Your instructions.
Could you give the entries back exactly as they stand, minus any pictures?

Records from a dataset
# # # # #

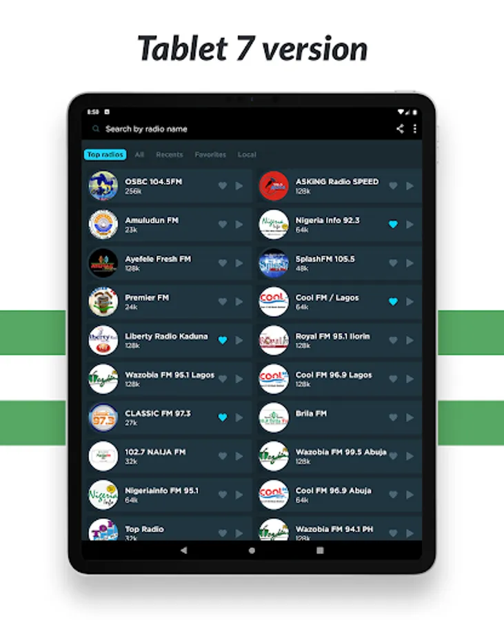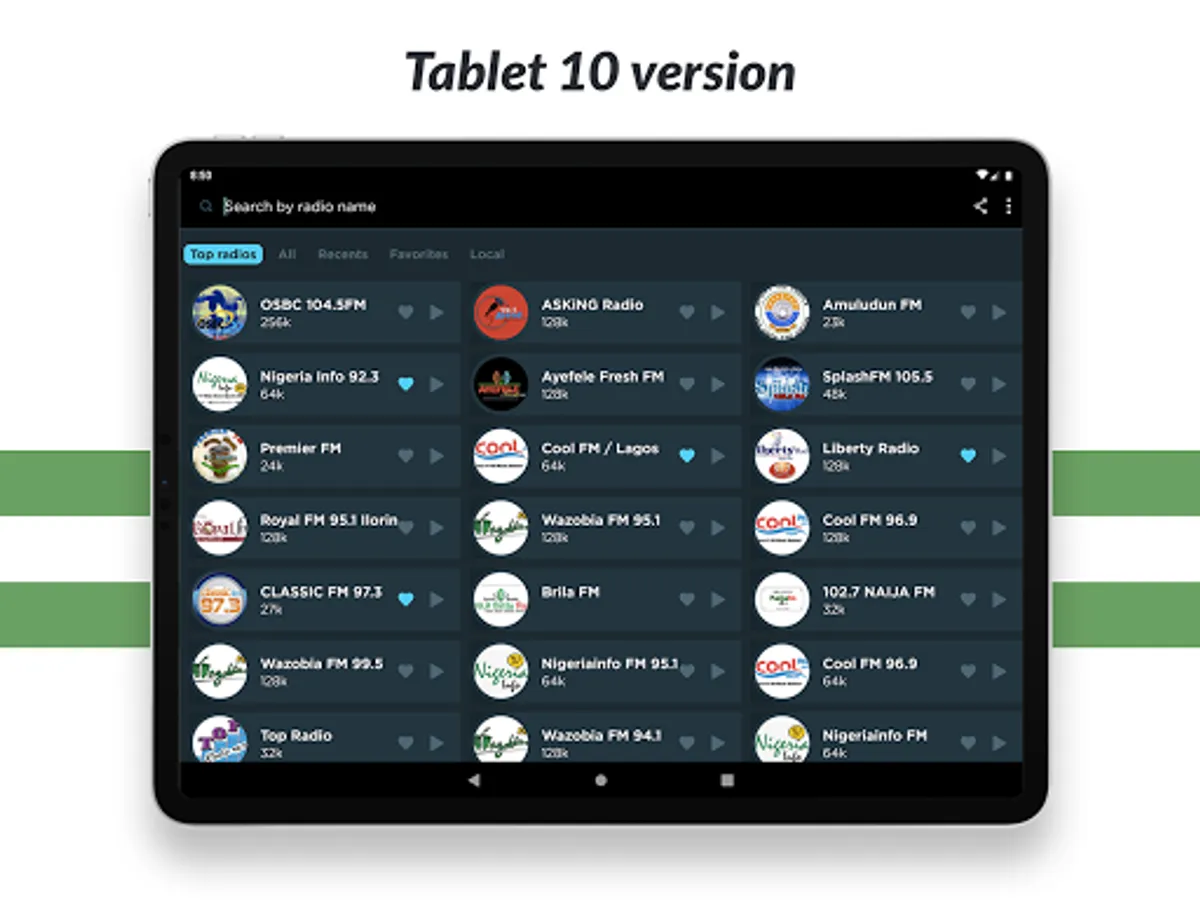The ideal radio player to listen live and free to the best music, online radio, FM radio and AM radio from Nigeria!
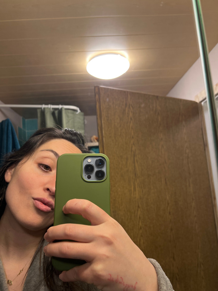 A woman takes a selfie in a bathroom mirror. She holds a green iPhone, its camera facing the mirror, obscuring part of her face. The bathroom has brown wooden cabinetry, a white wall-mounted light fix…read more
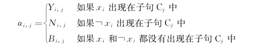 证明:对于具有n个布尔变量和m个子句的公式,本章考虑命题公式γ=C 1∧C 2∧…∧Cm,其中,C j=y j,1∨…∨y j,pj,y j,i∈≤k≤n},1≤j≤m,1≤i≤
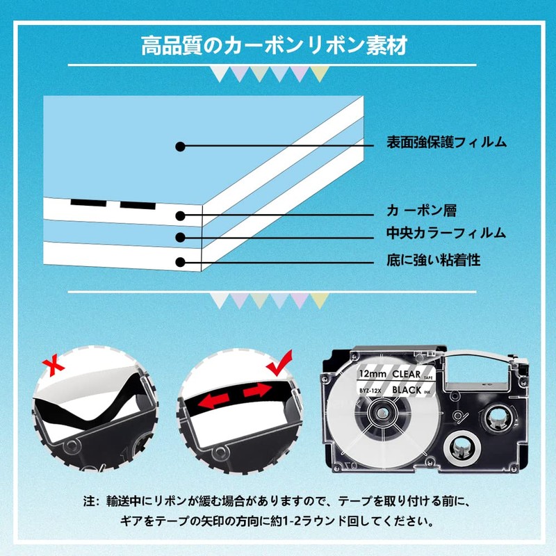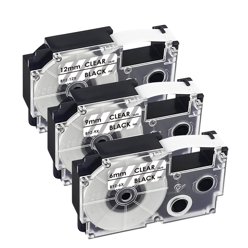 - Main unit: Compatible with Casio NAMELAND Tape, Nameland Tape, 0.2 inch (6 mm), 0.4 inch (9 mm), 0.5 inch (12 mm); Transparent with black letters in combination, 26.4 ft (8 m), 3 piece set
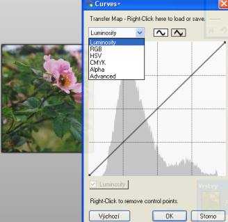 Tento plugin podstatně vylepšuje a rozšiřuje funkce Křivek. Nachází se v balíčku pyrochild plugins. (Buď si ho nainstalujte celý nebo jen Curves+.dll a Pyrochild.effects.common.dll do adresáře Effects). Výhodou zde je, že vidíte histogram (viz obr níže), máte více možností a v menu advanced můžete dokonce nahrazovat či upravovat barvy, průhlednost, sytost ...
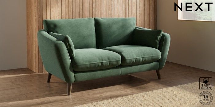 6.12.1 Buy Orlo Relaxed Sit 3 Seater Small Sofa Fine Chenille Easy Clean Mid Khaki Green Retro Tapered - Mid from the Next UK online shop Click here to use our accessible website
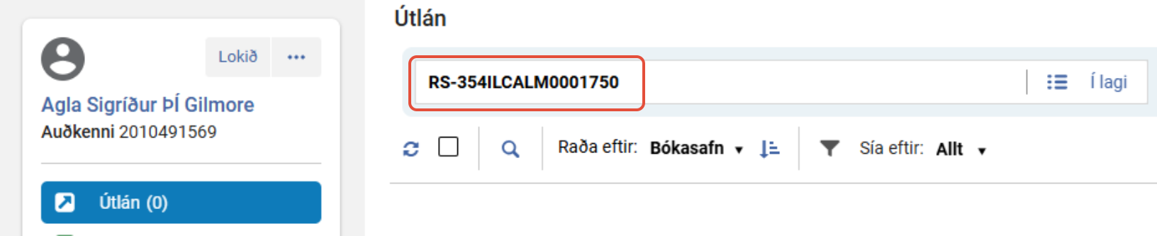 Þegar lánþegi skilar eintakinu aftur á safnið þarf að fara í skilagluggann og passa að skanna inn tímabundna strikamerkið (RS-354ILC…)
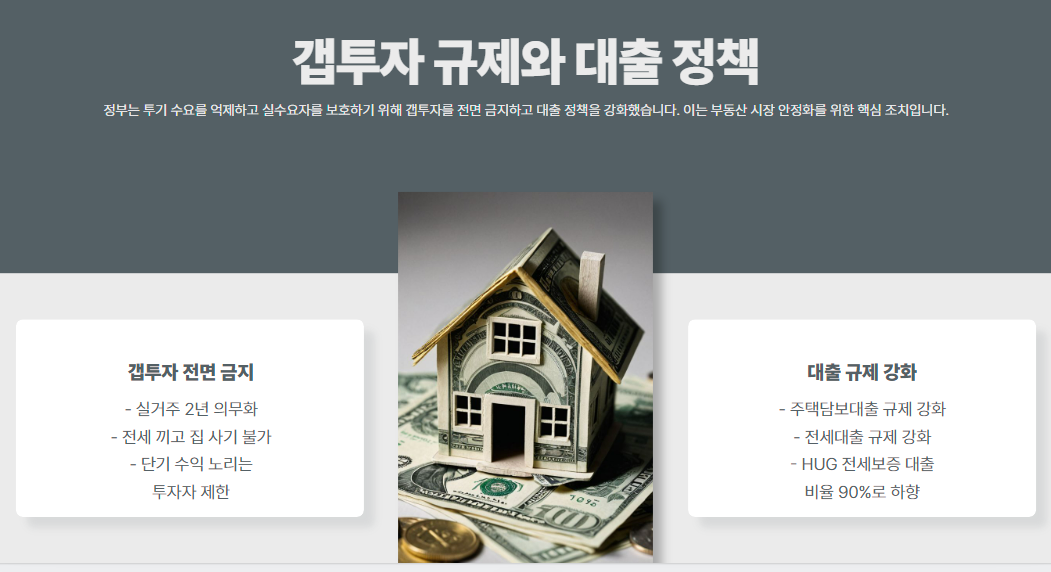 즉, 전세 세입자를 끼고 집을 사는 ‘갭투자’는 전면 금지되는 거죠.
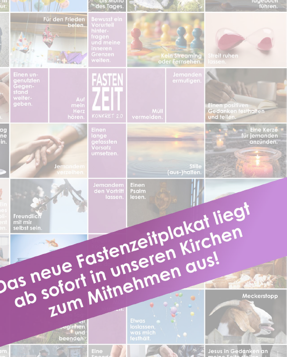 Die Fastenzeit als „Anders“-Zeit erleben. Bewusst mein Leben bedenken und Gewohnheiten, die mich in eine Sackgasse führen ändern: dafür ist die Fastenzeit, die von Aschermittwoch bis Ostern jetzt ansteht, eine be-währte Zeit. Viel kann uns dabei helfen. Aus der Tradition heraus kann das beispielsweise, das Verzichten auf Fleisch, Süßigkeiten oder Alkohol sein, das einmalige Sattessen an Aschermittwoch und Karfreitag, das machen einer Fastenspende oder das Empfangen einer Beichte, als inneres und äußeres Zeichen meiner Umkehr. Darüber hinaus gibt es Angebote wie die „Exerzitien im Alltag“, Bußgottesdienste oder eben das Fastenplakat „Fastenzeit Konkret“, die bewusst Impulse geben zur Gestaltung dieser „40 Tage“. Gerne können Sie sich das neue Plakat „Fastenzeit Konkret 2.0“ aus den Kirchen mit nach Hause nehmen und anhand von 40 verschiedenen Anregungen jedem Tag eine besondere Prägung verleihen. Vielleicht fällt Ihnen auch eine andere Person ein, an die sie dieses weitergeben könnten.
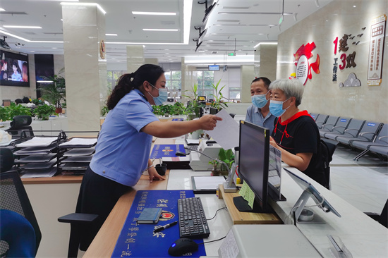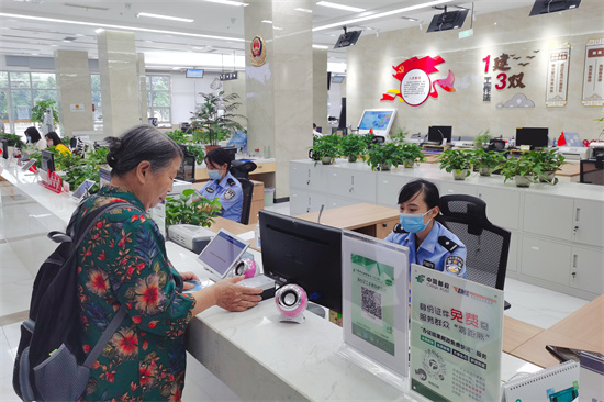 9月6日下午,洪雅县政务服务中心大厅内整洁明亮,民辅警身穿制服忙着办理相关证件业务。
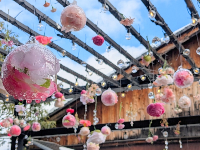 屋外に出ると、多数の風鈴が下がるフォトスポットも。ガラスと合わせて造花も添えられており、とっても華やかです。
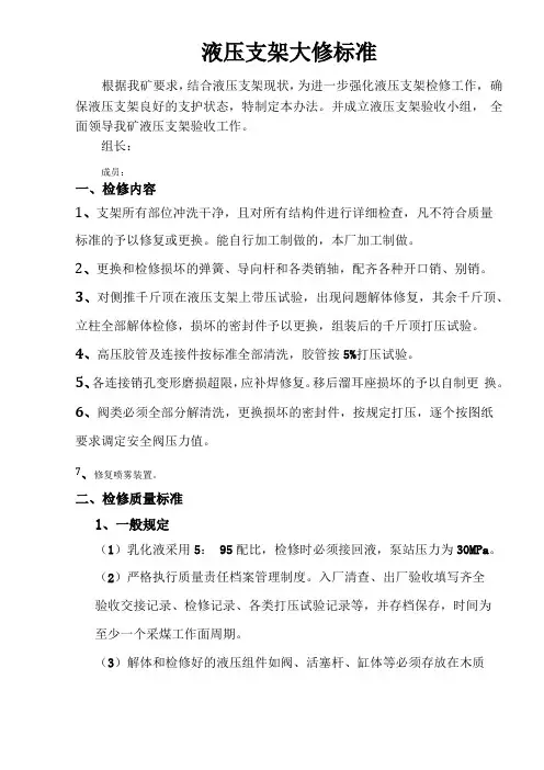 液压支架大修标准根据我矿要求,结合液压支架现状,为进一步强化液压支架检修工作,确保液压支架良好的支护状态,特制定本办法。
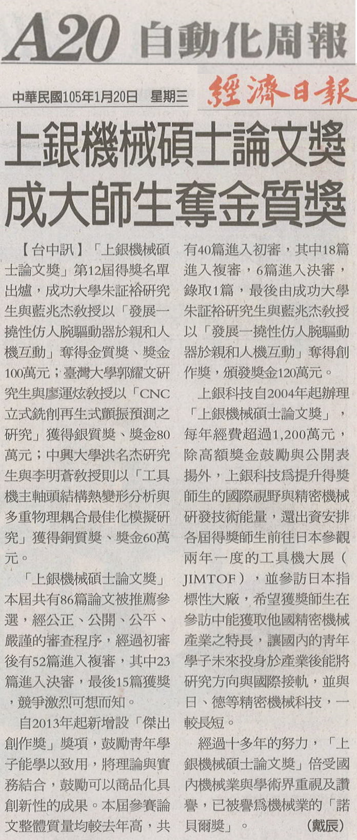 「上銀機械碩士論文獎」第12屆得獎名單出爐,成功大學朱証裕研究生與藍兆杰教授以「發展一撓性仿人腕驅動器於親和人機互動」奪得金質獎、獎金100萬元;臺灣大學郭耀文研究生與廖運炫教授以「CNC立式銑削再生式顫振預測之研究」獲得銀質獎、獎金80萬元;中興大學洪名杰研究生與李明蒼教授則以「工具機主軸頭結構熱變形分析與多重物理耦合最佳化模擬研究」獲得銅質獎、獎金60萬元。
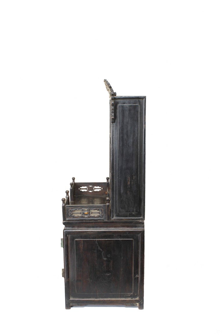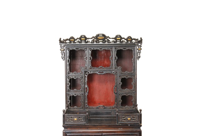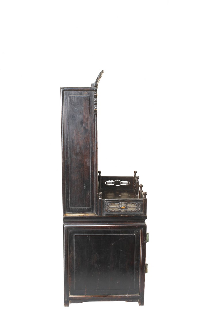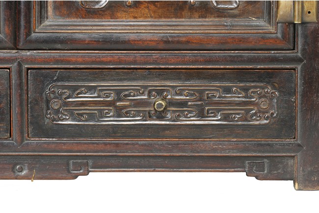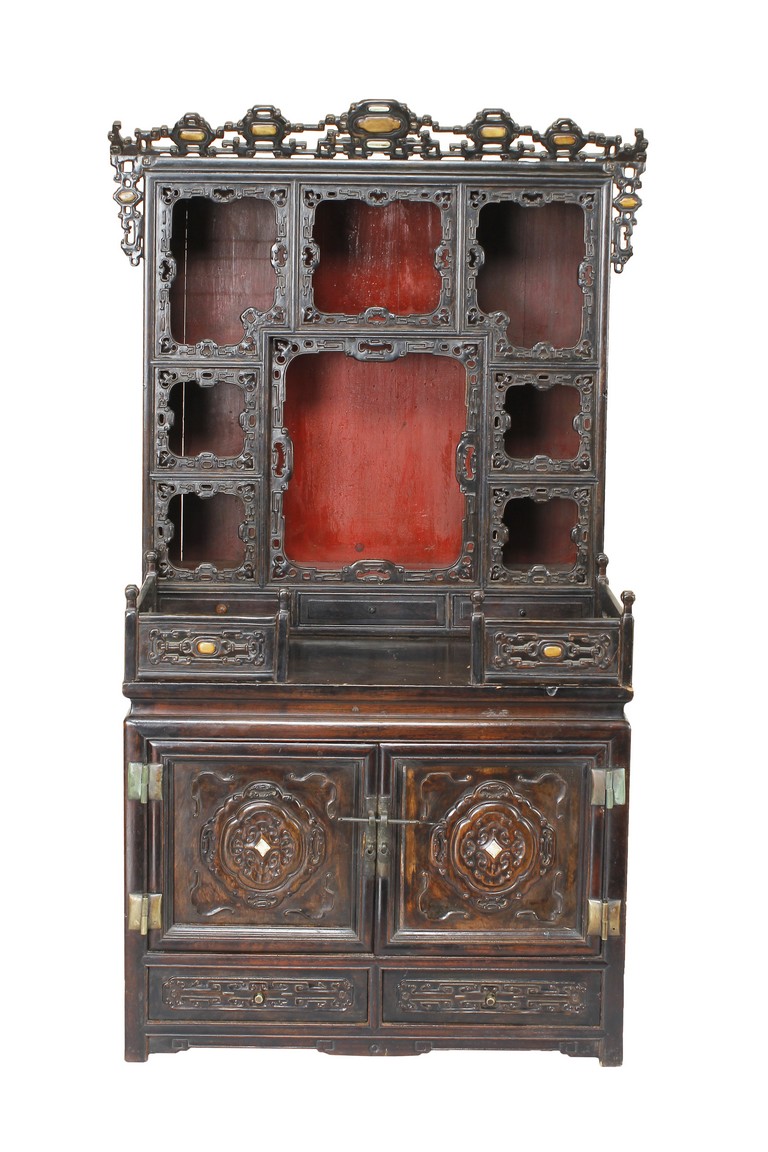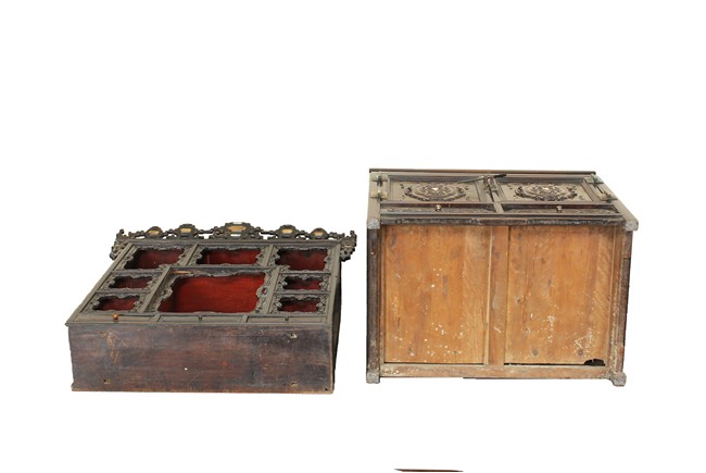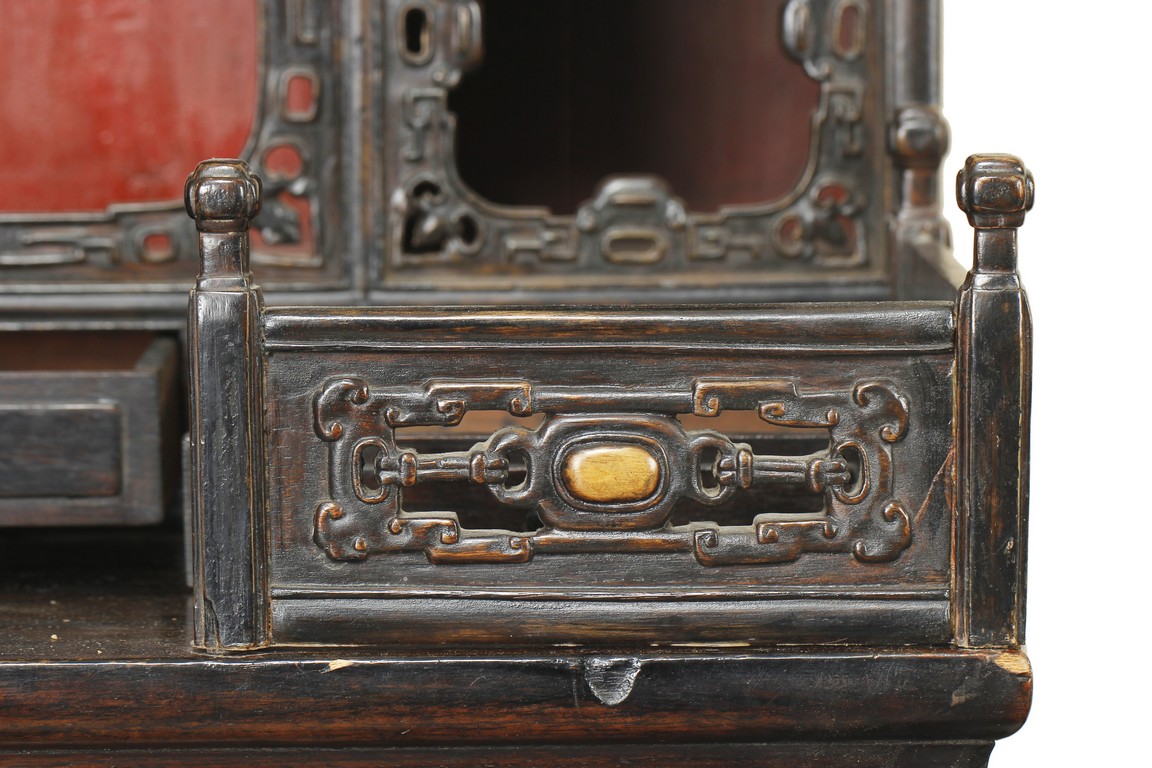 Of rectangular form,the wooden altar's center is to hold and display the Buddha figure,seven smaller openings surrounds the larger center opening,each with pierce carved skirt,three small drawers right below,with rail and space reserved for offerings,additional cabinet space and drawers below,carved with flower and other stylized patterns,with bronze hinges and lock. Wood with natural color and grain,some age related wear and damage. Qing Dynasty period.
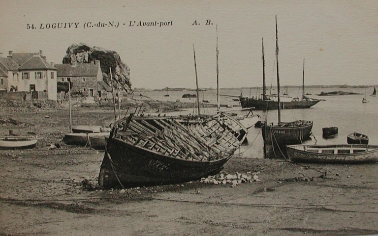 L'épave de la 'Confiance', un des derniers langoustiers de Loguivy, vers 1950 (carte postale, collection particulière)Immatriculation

# # # # #

Answer box.
The ideal radio player to listen live and free to the best music, online radio, FM radio and AM radio from Nigeria!
 A woman takes a selfie in a bathroom mirror. She holds a green iPhone, its camera facing the mirror, obscuring part of her face. The bathroom has brown wooden cabinetry, a white wall-mounted light fix…read more
 证明:对于具有n个布尔变量和m个子句的公式,本章考虑命题公式γ=C 1∧C 2∧…∧Cm,其中,C j=y j,1∨…∨y j,pj,y j,i∈≤k≤n},1≤j≤m,1≤i≤
 - Main unit: Compatible with Casio NAMELAND Tape, Nameland Tape, 0.2 inch (6 mm), 0.4 inch (9 mm), 0.5 inch (12 mm); Transparent with black letters in combination, 26.4 ft (8 m), 3 piece set
 Tento plugin podstatně vylepšuje a rozšiřuje funkce Křivek. Nachází se v balíčku pyrochild plugins. (Buď si ho nainstalujte celý nebo jen Curves+.dll a Pyrochild.effects.common.dll do adresáře Effects). Výhodou zde je, že vidíte histogram (viz obr níže), máte více možností a v menu advanced můžete dokonce nahrazovat či upravovat barvy, průhlednost, sytost ...
 6.12.1 Buy Orlo Relaxed Sit 3 Seater Small Sofa Fine Chenille Easy Clean Mid Khaki Green Retro Tapered - Mid from the Next UK online shop Click here to use our accessible website
 Þegar lánþegi skilar eintakinu aftur á safnið þarf að fara í skilagluggann og passa að skanna inn tímabundna strikamerkið (RS-354ILC…)
 즉, 전세 세입자를 끼고 집을 사는 ‘갭투자’는 전면 금지되는 거죠.
 Die Fastenzeit als „Anders“-Zeit erleben. Bewusst mein Leben bedenken und Gewohnheiten, die mich in eine Sackgasse führen ändern: dafür ist die Fastenzeit, die von Aschermittwoch bis Ostern jetzt ansteht, eine be-währte Zeit. Viel kann uns dabei helfen. Aus der Tradition heraus kann das beispielsweise, das Verzichten auf Fleisch, Süßigkeiten oder Alkohol sein, das einmalige Sattessen an Aschermittwoch und Karfreitag, das machen einer Fastenspende oder das Empfangen einer Beichte, als inneres und äußeres Zeichen meiner Umkehr. Darüber hinaus gibt es Angebote wie die „Exerzitien im Alltag“, Bußgottesdienste oder eben das Fastenplakat „Fastenzeit Konkret“, die bewusst Impulse geben zur Gestaltung dieser „40 Tage“. Gerne können Sie sich das neue Plakat „Fastenzeit Konkret 2.0“ aus den Kirchen mit nach Hause nehmen und anhand von 40 verschiedenen Anregungen jedem Tag eine besondere Prägung verleihen. Vielleicht fällt Ihnen auch eine andere Person ein, an die sie dieses weitergeben könnten.
 9月6日下午,洪雅县政务服务中心大厅内整洁明亮,民辅警身穿制服忙着办理相关证件业务。
 屋外に出ると、多数の風鈴が下がるフォトスポットも。ガラスと合わせて造花も添えられており、とっても華やかです。
 液压支架大修标准根据我矿要求,结合液压支架现状,为进一步强化液压支架检修工作,确保液压支架良好的支护状态,特制定本办法。
 「上銀機械碩士論文獎」第12屆得獎名單出爐,成功大學朱証裕研究生與藍兆杰教授以「發展一撓性仿人腕驅動器於親和人機互動」奪得金質獎、獎金100萬元;臺灣大學郭耀文研究生與廖運炫教授以「CNC立式銑削再生式顫振預測之研究」獲得銀質獎、獎金80萬元;中興大學洪名杰研究生與李明蒼教授則以「工具機主軸頭結構熱變形分析與多重物理耦合最佳化模擬研究」獲得銅質獎、獎金60萬元。
 Of rectangular form,the wooden altar's center is to hold and display the Buddha figure,seven smaller openings surrounds the larger center opening,each with pierce carved skirt,three small drawers right below,with rail and space reserved for offerings,additional cabinet space and drawers below,carved with flower and other stylized patterns,with bronze hinges and lock. Wood with natural color and grain,some age related wear and damage. Qing Dynasty period.
 L'épave de la 'Confiance', un des derniers langoustiers de Loguivy, vers 1950 (carte postale, collection particulière)Immatriculation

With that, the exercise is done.